I’ll post this here but whatsapp is about to become even more secure due to some fancy crypto codework by fellas such as Moxie Marlinspike and crew. It doesn’t sounds perfect yet but it’s almost certainly the best their is’
Whatsapp brings strong end-to-end crypto to the masses | Ars Technica
Any corporate app will be backdoored where the ads get in and if folk are using it for criminal stuff the feds will get the messages in the clear from the memory buffers of seized devices (how would people otherwise read them?). The independent research and any apps those chaps make probably is robust but what happens is the “cool kids” can’t be bothered with extra effort and end up still using it insecurely.

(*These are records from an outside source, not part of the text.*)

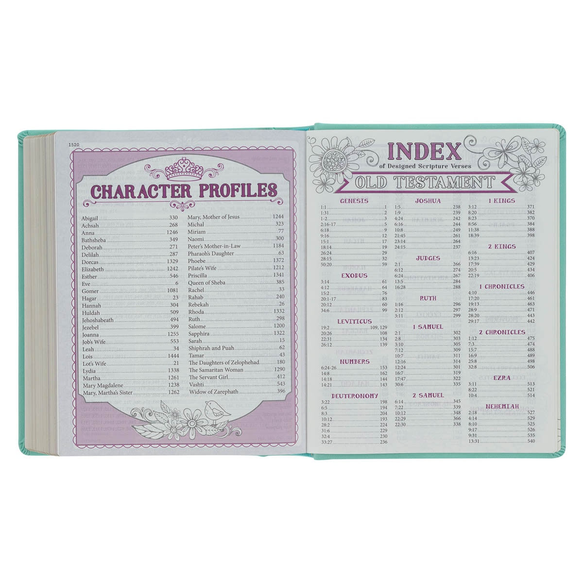 The Bible features two content lists: one lists the books of the Bible in chronological order, and the second lists the books alphabetically. A Bible Memory section includes 66 well-loved Bible verses that every Believer should know and 12 line drawing prayers that will help young girls learn to pray about everything, are ready to be colored and memorized. A line drawing illustration introduces each book of the Bible, and the content that follows is accented with pink banners and highlighted text. 366 devotions set in the margins offer inspiring messages to help girls apply biblical truth to their lives. Inspirational stories of 50 memorable women characters in the Bible will motivate girls to pursue a life of faithfully following God.
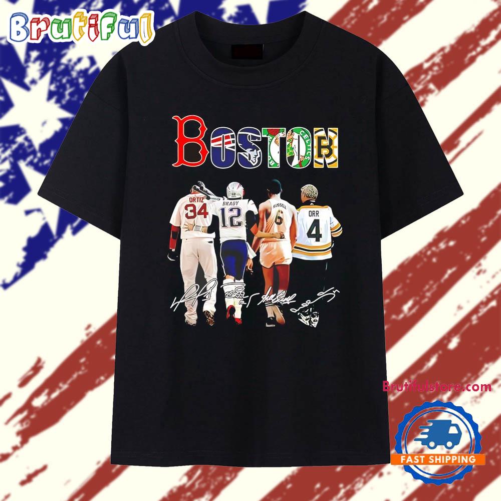 Product details: David Ortiz Tom Brady Bill Russell Bobby Orr BOSTON sports team logo T Shirt
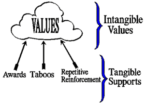 Consider the model of Figure 3. It displays the chosen value as an intangible, and it displays tangible supports for the value as legs of a three-legged stool. The three “support legs” are (1) Awards, (2) Taboos, and (3) Repetitive Reinforcement. The stated value is the “talk” of management while the tangible supports legs are the “walk” of management. In an ideal world, the “walk” of management matches the “talk,” meaning that management’s choices reflect the values they espouse. When there is a large disconnect between the “talk” and the “walk” management loses credibility and cynicism about the stated value results. One company talked about “quality” as a high corporate value, only to ship substandard product when they were in an oversold condition. You can see the problem.
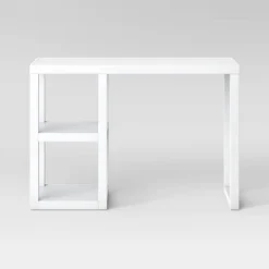 - Features open shelves and drawer
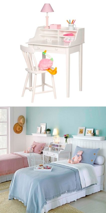 Outro dia, em uma loja de decoração, fiquei namorando uma mesinha, possivelmente a primeira “escrivaninha” que Catarina terá. Imaginei a filhotinha desenhando, pintando e lendo os livros de que tanto gosta. Que delícia! Procurando na internet achei muitos modelos interessantes, que eu mostro a seguir para vocês. Alguns são produzidos e comercializados no Brasil; outros são apenas inspirações para quem tem um bom marceneiro, ou um marido que gosta de colocar a mão na massa (meu pai era fantástico para essas coisas!). Sabia que dá até para aproveitar o antigo berço como escrivaninha para o quarto das crianças? Há um certo tempo publicamos a ideia em nossa fan page e fez muito sucesso!
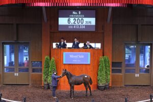 サトノセプターは、父kingman・母イカットの牡馬、2023年の当セール当歳部門に上場され、里見 治 様が落札、ご購買いただきました。

Long before the Snowden scandals a lot of Google and other traffic was already encrypted; other than the ad cookies which were the biggest sources of dataleaks (they cannot have too much encrypt or the ad networks servers would not be profitable).
It was only this year UK GCHQ finally admitted they kept on 3 Enigma machines to decode comms from “friendly” Scandinavian countries with long standing ties to Germany as they thought these countries and DE were becoming too socialist and the USA wanted to get corporate advantages over them – I was tipped off about this by several techie types in high school who said “why else would British Telecom invent a lot of stuff for computers; but let the Americans claim all the credit for them?”

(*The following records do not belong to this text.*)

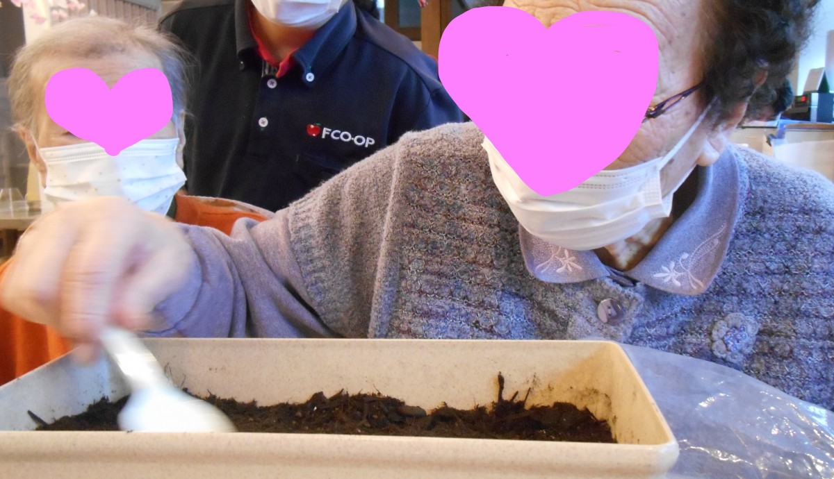 かがやき春日では、プランターに新しく土と肥料をいれ、種まきをしました。
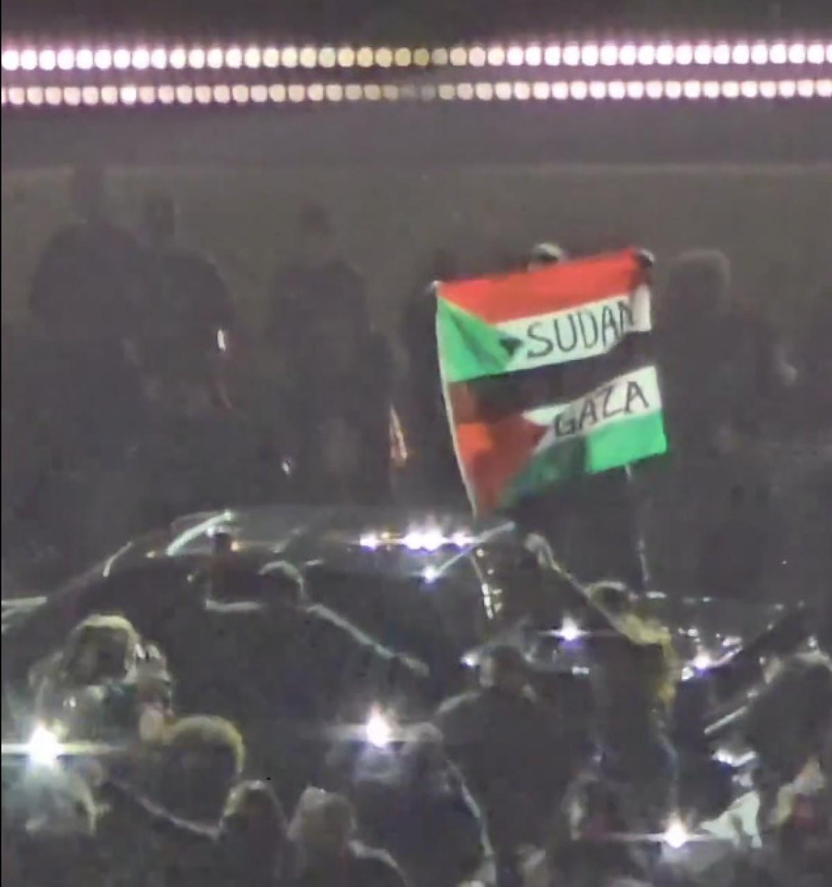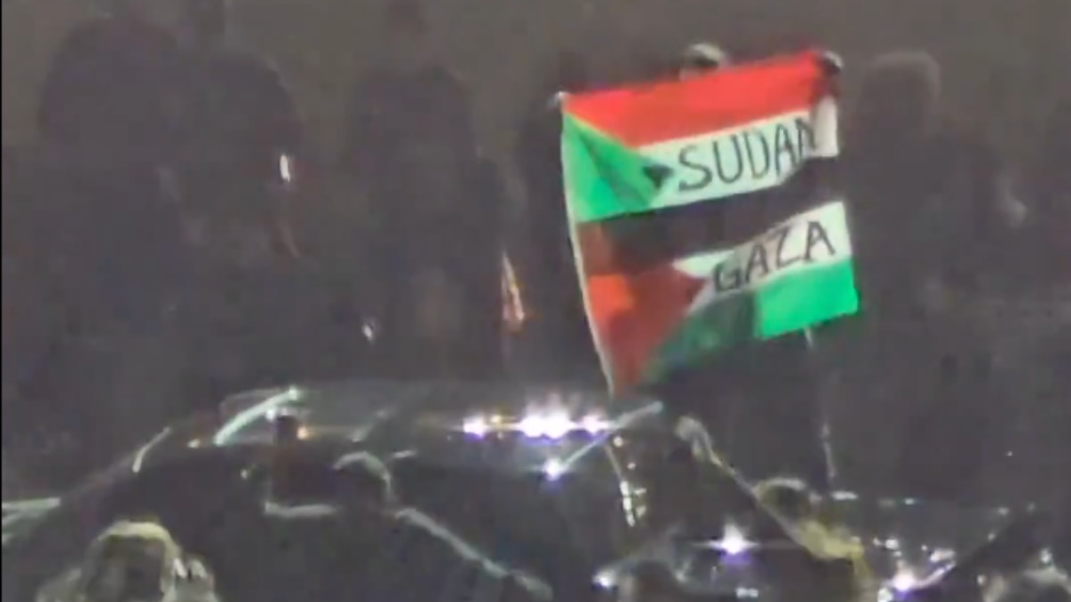 Elinde Sudan ve Filistin bayrağı olan kişi, Sudan'daki savaşı ve İsrail'in Gazze'ye saldırılarını protesto etti.
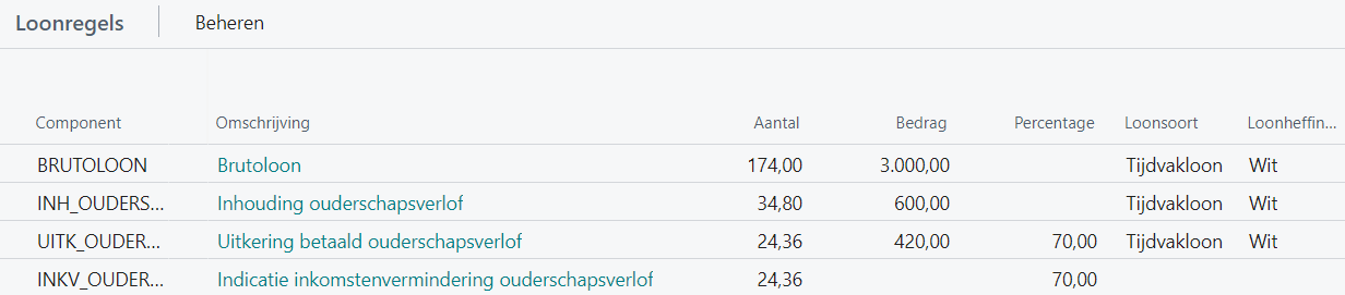 Voor de inrichting zie het pdf-document Werkinstructie Betaald ouderschapsverlof (scenario B Vast loon automatisch).

The Danish clearly realised this which is why Regnecentralen was a way of diverting the defence budget for university and schools computers instead (they just accepted whatever they sent across the comms lines could be monitored and were more careful what they said)
You can’t deny that ephemeral keys and perfect forward secrecy are making things much closer to the utopian future we all dream of though, no?

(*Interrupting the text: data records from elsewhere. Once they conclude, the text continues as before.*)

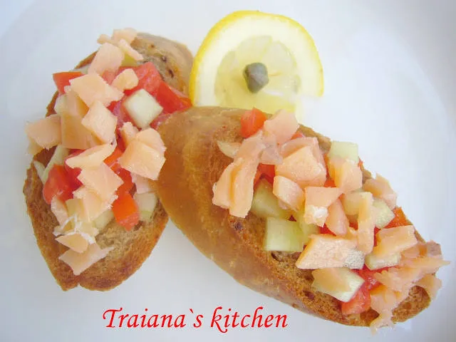 Брускети с пушена сьомга, каперси и салца
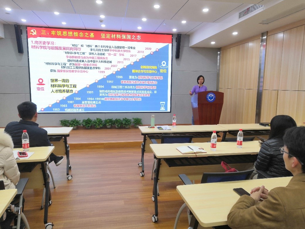 的发展情况,引导同学们向历史学习、向师长学习、向朋辈学习、向校友学习,牢筑理想信念之基,坚定材料强国之志。对此,李毅寄语同学们:一是要牢记党员使命,坚定理想信念,加强党史学习,做到内化于心外化于行;二是要担当时代重任,练就过硬本领,努力掌握科学文化知识和专业技能,以奋斗者的姿态投身到学习科研中;三是要锤炼品德修为,自觉树立和践行社会主义核心价值观,提升道德修为;四是要投身强国伟业,材料学子要与祖国一同攻坚克难,以“强国有我”的必胜信心,在新时代新征程上展现新作为新担当。
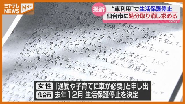 車の利用を理由に生活保護の停止処分を受けた女性(30代)が、仙台市に対し処分の取り消しを求める訴えを起こしました。
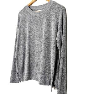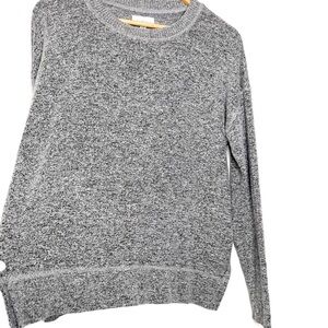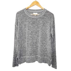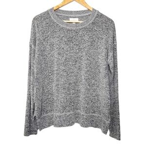 Lucky Brand Women’s Gray Black Marbled Crewneck Soft Fuzzy Long Sleeve Sweater
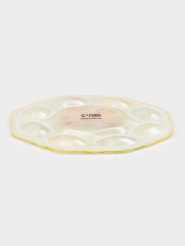 Эта подставка для яиц станет прекрасным дополнением вашего пасхального стола. Изготовленная из стекла, она имеет размеры 22×22×1 см и вмещает 8 яиц, что идеально подходит для праздничной сервировки. Желтый цвет и милые цыплята на рисунке создают радостное и праздничное настроение.
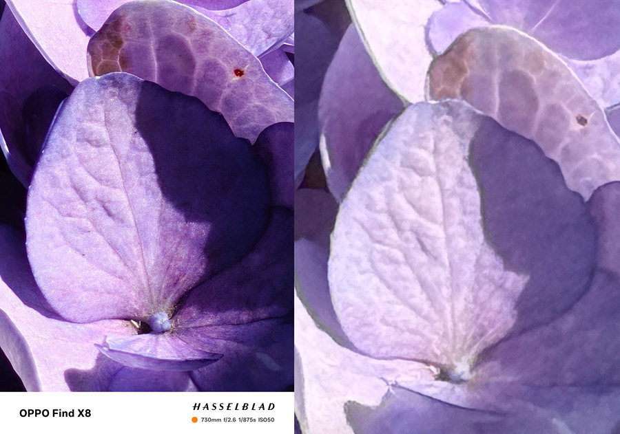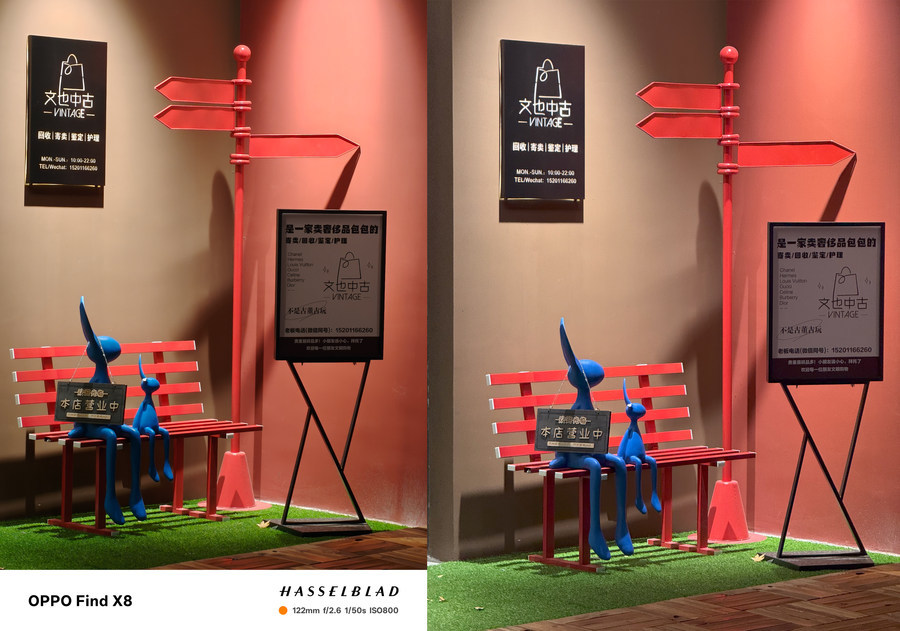先来看主摄表现,OPPO Find X8与iPhone16 Pro Max的细节解析能力几乎一致,主要区别在色彩方面,iPhone对于色彩和曝光的处理偏向真实,所以看起来有些平淡,要想让照片出彩需要做进一步调整。而OPPO Find X8的哈苏影调更能凸显明暗对比,有着更强的氛围感,无需后期就可以直接分享。
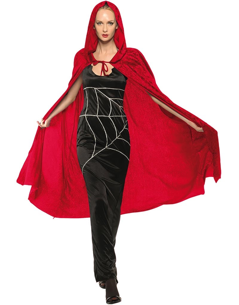 Fun Shack Röd cape vuxen kostym med huva - kort röd kappa för kvinnor, Halloween kostym
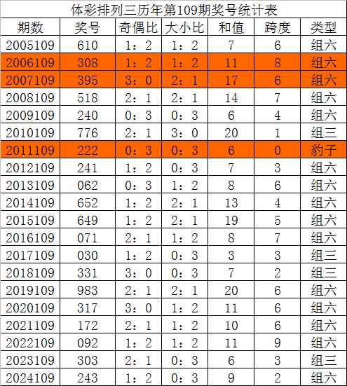 在历年排列三第110期开奖中:号码大小比为23:34,大号表现较冷,本期看好大号回补,大小比关注2:1。

such a “utopian” future still remains dependent on networks having the capacity to handle the overheads of encryption and users being sensible and managing expectations. One of the old boffins I mentioned in other posts had some input into what was an equivalent for analogue Police radios in the 1990s; it made scanner traffic sound like a annoyed goose and cracking it today is still not trivial.
It never got widely used in many areas as sending the keys meant the radio links had to be twice as strong and the money wasn’t there to upgrade them (they were already that bad they let in foreign telly sound and DTELS claimed the foreign telly was sent too strong when every other EU country used the same kit and coexisted with the same frequencies..)
Today cops have TETRA but you can now use very basic equipment to check if any British public service worker is in the vicinity using their radio. You can’t decrypt the info and it could be anyone from MI5 to the local park ranger; but if you are in a environment where any of these radio users are potentially hostile who they actually are becomes irrelevant.
GCHQ and the NSA (and the advertisers; who all share personnel) have most likely moved along from bulk data collection anyway; after all even if the wanted to simply check on everyone called Abdul or Ahmed making a phone call in Manchester they would have terabytes to go through. Even the ad networks want this sort of ethnic graded data to sell their stuff (google for instance keep subtly trying to work out “what kind of Asian I might be”) without letting on they are doing so.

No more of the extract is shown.